THE HISTORY OF PUBLIC HEALTH
An individual’s concern for her own health is as old as conscious humanity. The concern for the health of others when “others” means one’s own family or clan must be just as old (for ”others” here is virtually synonymous with “self ”). What is interesting is when health includes others outside the clan. For example, when Noah is told by God, “I have determined to make an end of all flesh, for the earth is filled with violence, because of them; now I am going to destroy them along with the earth.”2 Noah just gets to the business of building an ark. There is no real compassion shown by Noah for the rest of humanity who would soon die. However, when the issue of Sodom’s destruction is on the table, Lot (Abraham’s brother) declares, “I beg you, my brothers, do not act so wickedly.”3 Lot’s plea to the people of Sodom was made so that they might be saved from the promised destruction. In this way, Lot demonstrates a concern for the health of others (in a fashion more pronounced than Noah).

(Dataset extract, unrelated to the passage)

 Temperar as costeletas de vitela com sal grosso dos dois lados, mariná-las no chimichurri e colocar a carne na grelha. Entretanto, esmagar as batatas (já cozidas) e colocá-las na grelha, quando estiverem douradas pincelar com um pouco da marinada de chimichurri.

Unfortunately, Lot’s call went unheeded so Lot and Abraham gathered up their clan and prepared to depart. In this case the invocation of Public Health fails, but the clan survives—except for Lot’s wife who was too concerned about what was happening to others. She ended up as a pile of salt.
Then there is Joseph who helped the Egyptian pharaoh stave off famine by adopting a public policy that created a store of grain in times of plenty so that an impending famine (in which many might starve) could be avoided.4 The public policy waseffective. This is a true instance of effective public health.

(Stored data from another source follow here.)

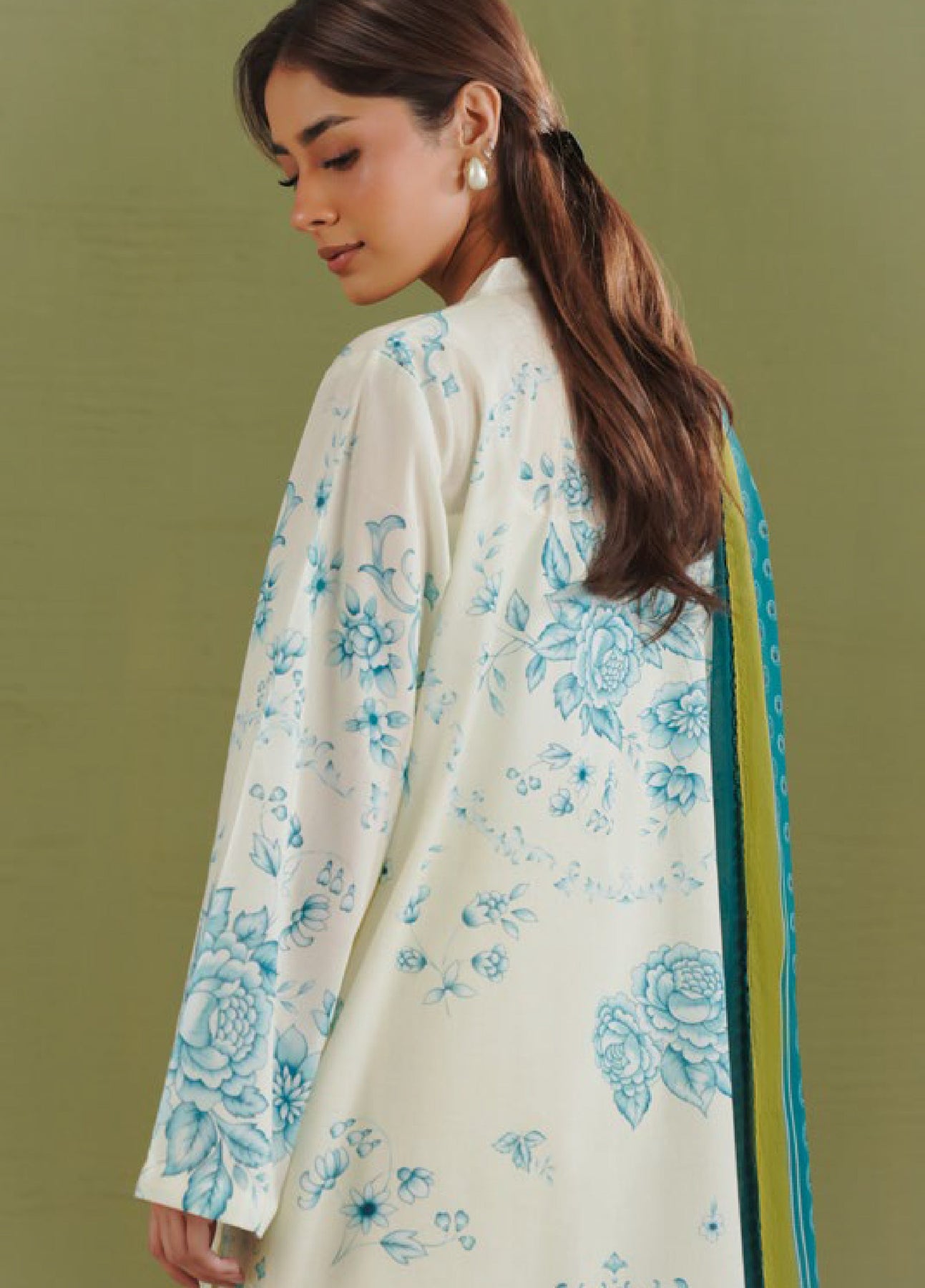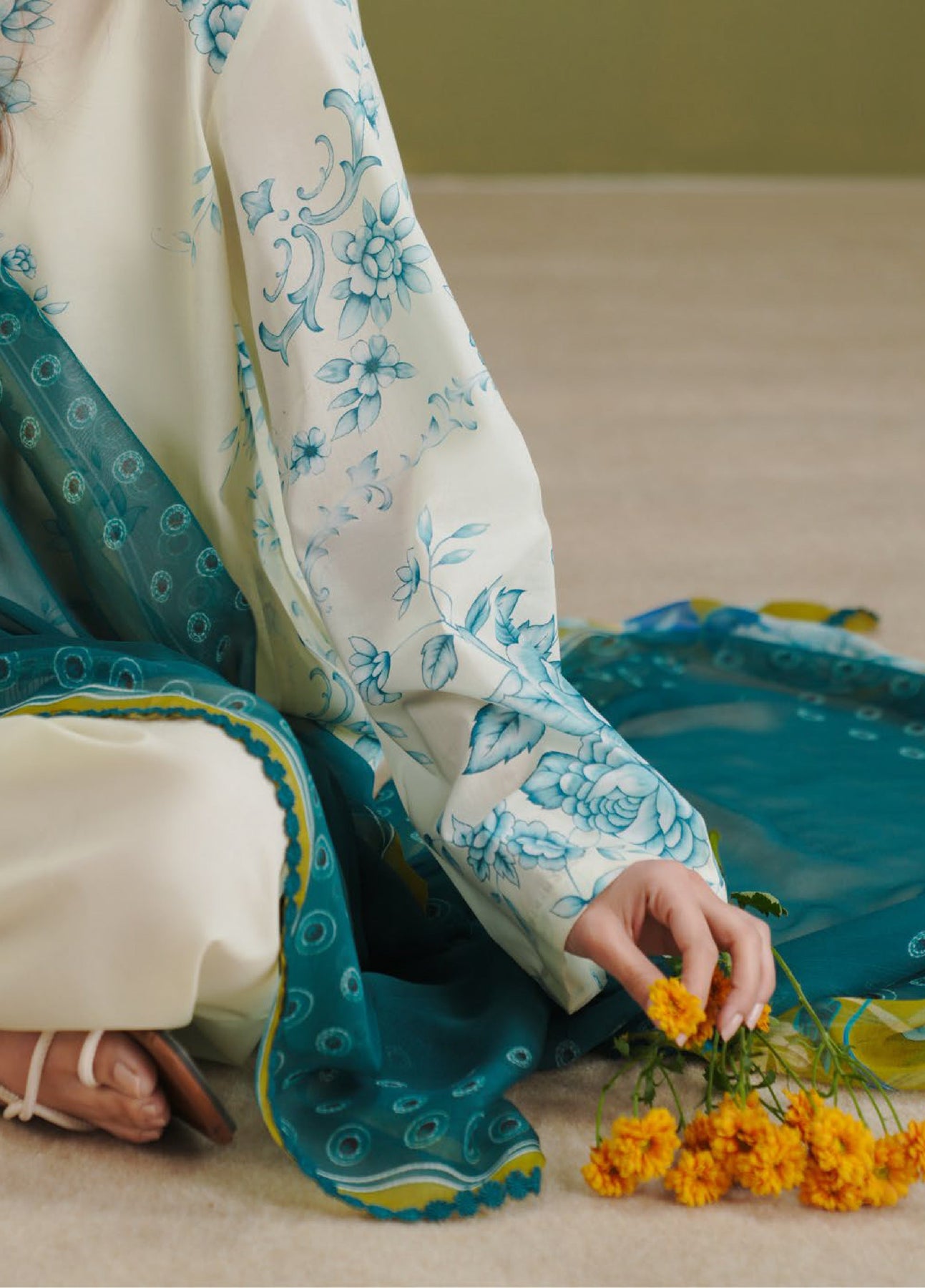 The dupatta is printed with polka dots and gara-inspired motifs in teal and olive green. The shirt showcases a blue gara floral print on an off-white base. The trouser is detailed with a blue gara floral border on off-white.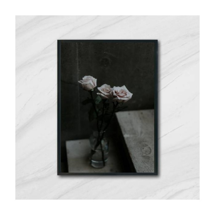 Quadro Fotografia Vaso com Rosas 33x24cm - com vidro:Madeira preta Madeira preta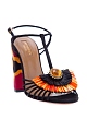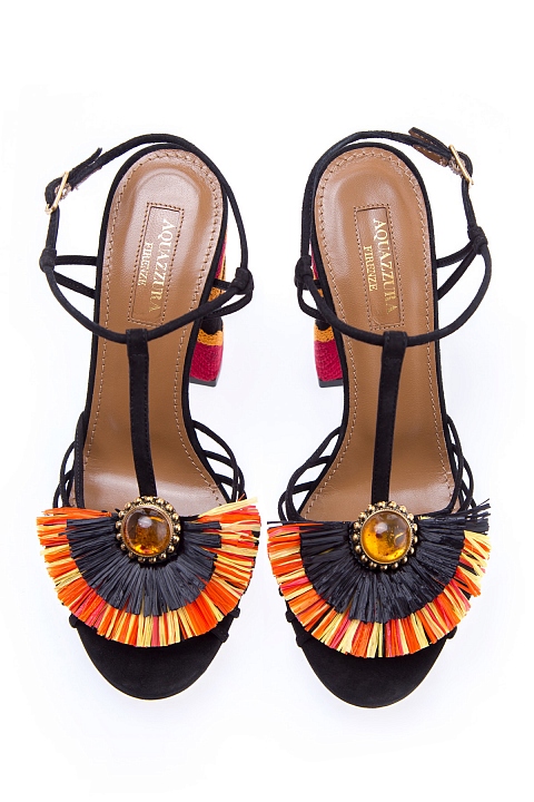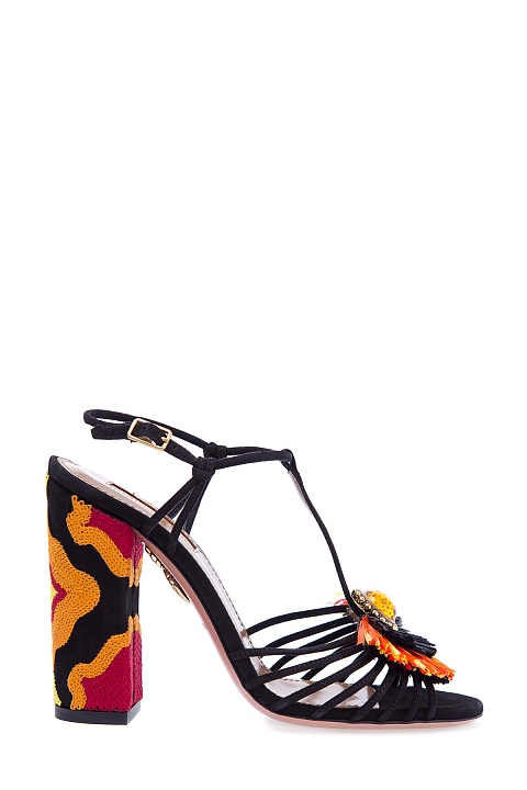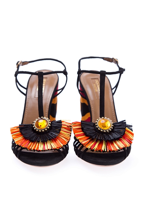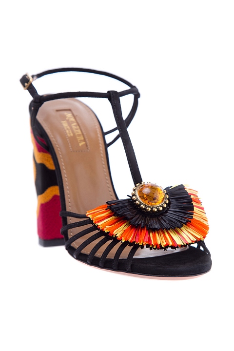 Эффектные босоножки Samba Sandal 105 из коллекции бренда Aquazzura с тонкими ремешками на мыске и на заднике. Модель выполнена из мягкой замши с бархатистой поверхностью черного цвета и дополнена кожаной подошвой и стелькой с названием бренда и фирменной эмблемой в виде ананаса. Мысок декорирован аппликацией из цветной рафии, перекликающейся с узором на каблуке. Лодыжку опоясывает тонкий шнурок с классической пряжкой. Высота каблука 10,5 см. Сделано в Италии.

But not all Egyptian pharaohs were so concerned with public health. It took nine plagues before the pharaoh at the time of Moses was willing to release the oppressed Israelites.5 Power and political might were more important than his people’s health. It wasn’t until the pharaoh’s own child6 was killed that the ruler relented (at first). This is an instance of a prudential grounding of public health.
In Plato’s Republic the whole state’s health was a mirror of individual health: a balance of the classes of people as per the balance of an individual’s soul. This may be understood as an exhortation for public health. Plato’s holistic vision linked health and happiness with a virtuous life within one’s own limits.
Among ancient biomedical writers the Hippocratic writers and Galen were particularly interested in the common causes of disease. In the Hippocratic writers this concern takes the form of very general treatises such as Airs, Waters, and Places and more clinical works such as the Epidemics.7 Though there are no clear accounts of Hippocrates engaging in public health practice (as such), Galen was a key physician of the Roman emperor and was called upon for treatment and prevention of disease among those in the army as well as in ancient Rome.8 The concern among the Romans was prudential: a well-run army to thwart invaders and a healthy capital capable to governing the empire.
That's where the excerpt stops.